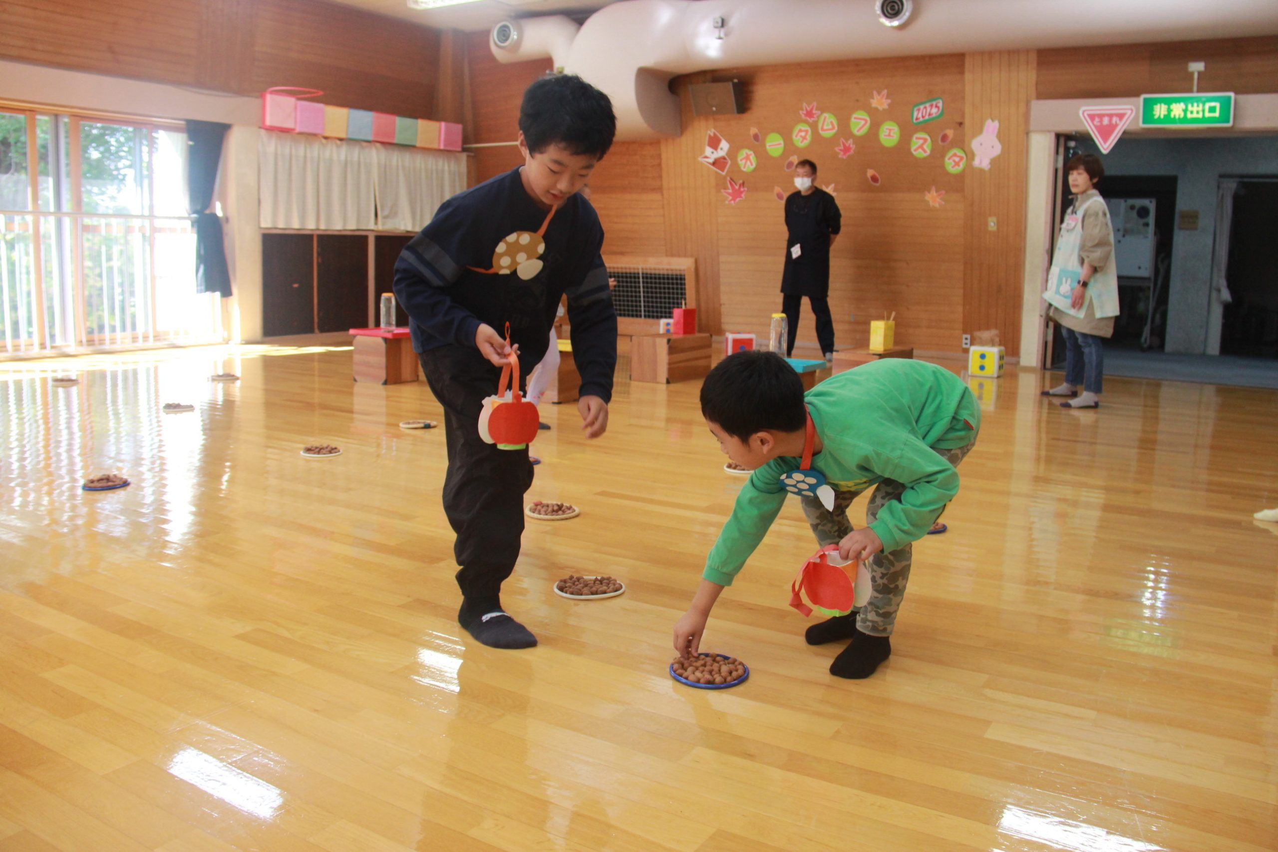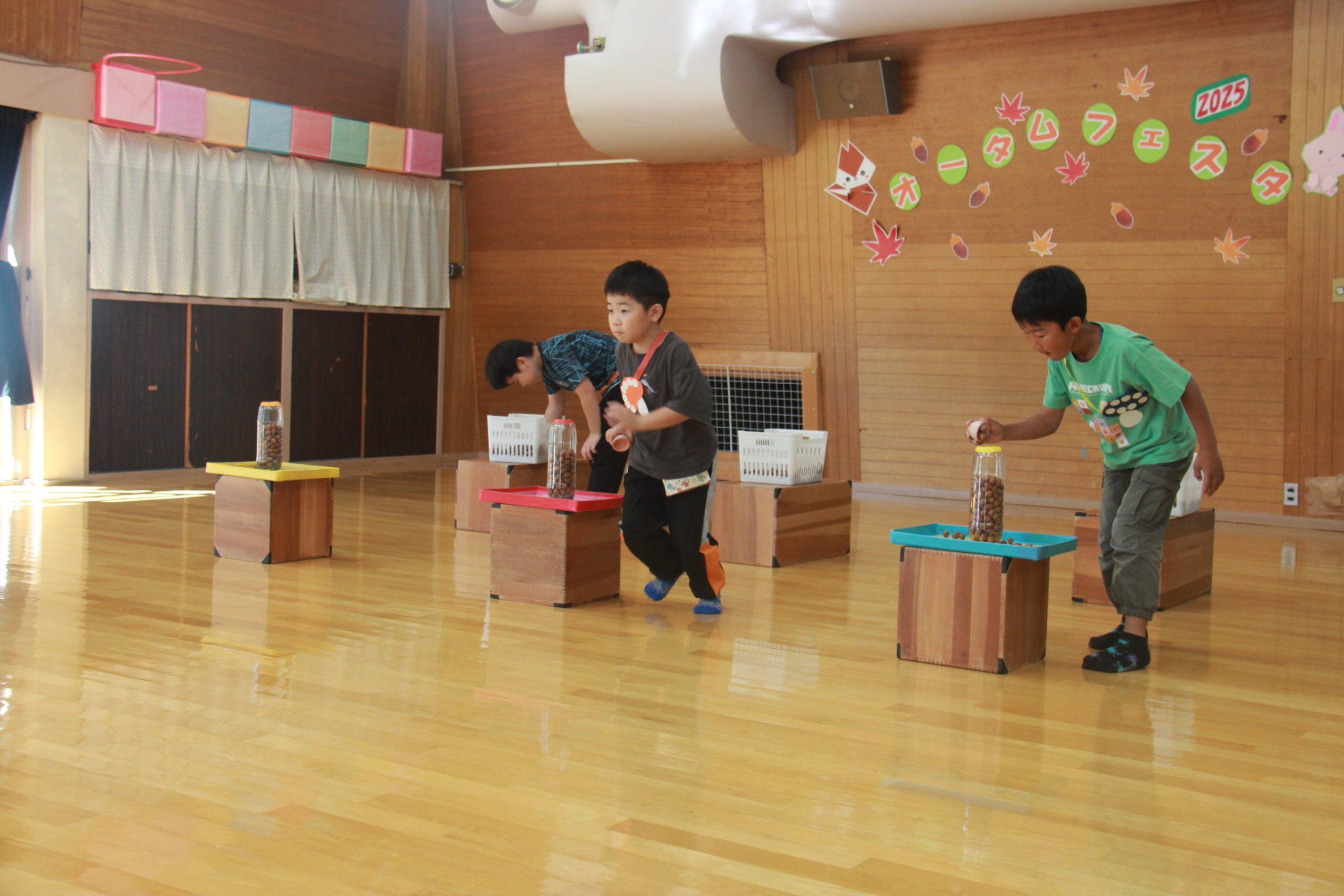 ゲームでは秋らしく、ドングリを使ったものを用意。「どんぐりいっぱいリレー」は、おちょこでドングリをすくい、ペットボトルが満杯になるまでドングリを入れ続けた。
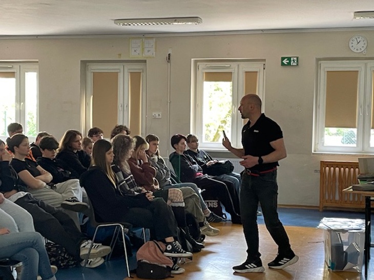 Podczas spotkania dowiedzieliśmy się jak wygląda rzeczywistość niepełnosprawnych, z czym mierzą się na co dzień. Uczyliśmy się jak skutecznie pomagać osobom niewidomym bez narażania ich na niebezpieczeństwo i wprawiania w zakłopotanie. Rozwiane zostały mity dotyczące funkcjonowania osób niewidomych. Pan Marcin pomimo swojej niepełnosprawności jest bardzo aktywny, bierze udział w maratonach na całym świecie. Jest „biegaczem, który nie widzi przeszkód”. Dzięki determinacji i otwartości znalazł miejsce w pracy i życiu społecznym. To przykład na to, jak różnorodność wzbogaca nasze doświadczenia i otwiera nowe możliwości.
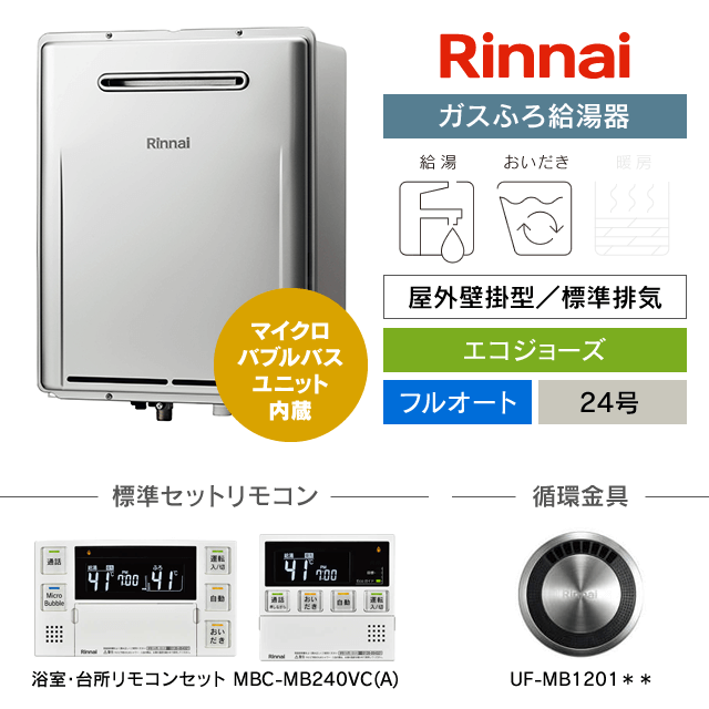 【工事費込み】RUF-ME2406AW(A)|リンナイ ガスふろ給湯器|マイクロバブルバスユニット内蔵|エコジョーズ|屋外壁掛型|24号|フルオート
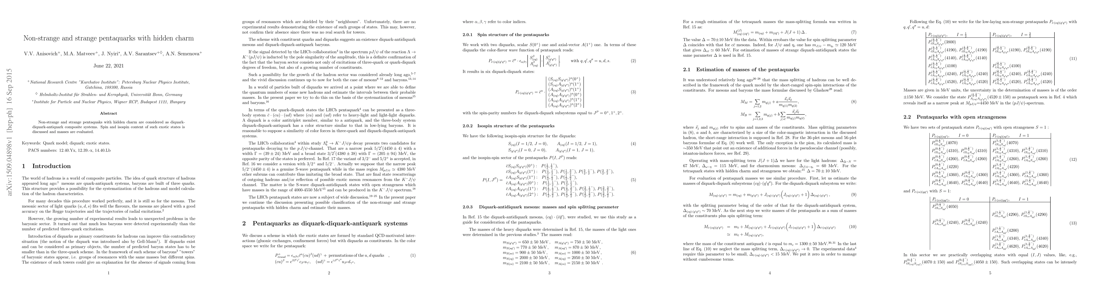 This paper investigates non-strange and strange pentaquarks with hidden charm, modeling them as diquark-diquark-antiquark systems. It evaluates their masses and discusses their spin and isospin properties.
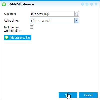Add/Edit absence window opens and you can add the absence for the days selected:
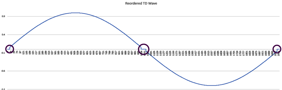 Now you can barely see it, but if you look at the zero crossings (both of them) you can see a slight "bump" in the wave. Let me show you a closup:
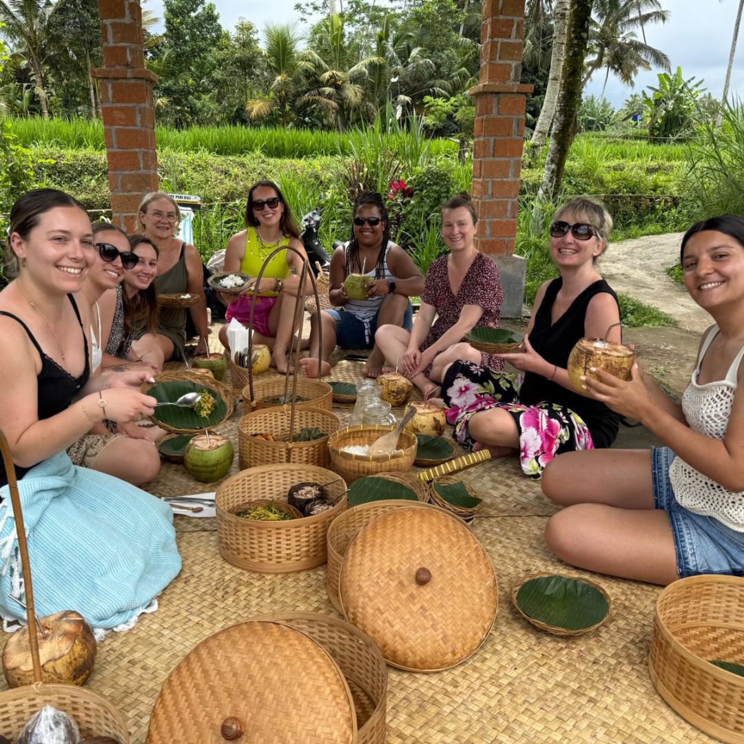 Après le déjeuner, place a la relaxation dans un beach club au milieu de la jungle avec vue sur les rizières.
--
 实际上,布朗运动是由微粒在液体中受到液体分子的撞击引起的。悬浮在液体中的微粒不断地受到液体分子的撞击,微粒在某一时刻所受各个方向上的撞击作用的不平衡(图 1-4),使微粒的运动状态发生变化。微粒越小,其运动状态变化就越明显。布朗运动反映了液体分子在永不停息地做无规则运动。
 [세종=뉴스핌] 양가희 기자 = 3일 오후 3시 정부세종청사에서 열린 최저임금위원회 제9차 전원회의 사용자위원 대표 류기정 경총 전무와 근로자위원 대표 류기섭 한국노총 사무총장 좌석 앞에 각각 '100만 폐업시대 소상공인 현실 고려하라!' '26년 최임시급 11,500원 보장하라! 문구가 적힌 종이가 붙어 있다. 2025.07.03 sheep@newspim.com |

YOUR GOAL: With the pictures removed, print only the lines starting at the line that has "ゲームでは秋らしく、ドングリ" and ending at the line that has "Après le déjeuner, place", both ends included, exactly as they stand above.

RESULT OF THIS TASK:
 ゲームでは秋らしく、ドングリを使ったものを用意。「どんぐりいっぱいリレー」は、おちょこでドングリをすくい、ペットボトルが満杯になるまでドングリを入れ続けた。
 Podczas spotkania dowiedzieliśmy się jak wygląda rzeczywistość niepełnosprawnych, z czym mierzą się na co dzień. Uczyliśmy się jak skutecznie pomagać osobom niewidomym bez narażania ich na niebezpieczeństwo i wprawiania w zakłopotanie. Rozwiane zostały mity dotyczące funkcjonowania osób niewidomych. Pan Marcin pomimo swojej niepełnosprawności jest bardzo aktywny, bierze udział w maratonach na całym świecie. Jest „biegaczem, który nie widzi przeszkód”. Dzięki determinacji i otwartości znalazł miejsce w pracy i życiu społecznym. To przykład na to, jak różnorodność wzbogaca nasze doświadczenia i otwiera nowe możliwości.
 【工事費込み】RUF-ME2406AW(A)|リンナイ ガスふろ給湯器|マイクロバブルバスユニット内蔵|エコジョーズ|屋外壁掛型|24号|フルオート
 This paper investigates non-strange and strange pentaquarks with hidden charm, modeling them as diquark-diquark-antiquark systems. It evaluates their masses and discusses their spin and isospin properties.
Add/Edit absence window opens and you can add the absence for the days selected:
 Now you can barely see it, but if you look at the zero crossings (both of them) you can see a slight "bump" in the wave. Let me show you a closup:
 Après le déjeuner, place a la relaxation dans un beach club au milieu de la jungle avec vue sur les rizières.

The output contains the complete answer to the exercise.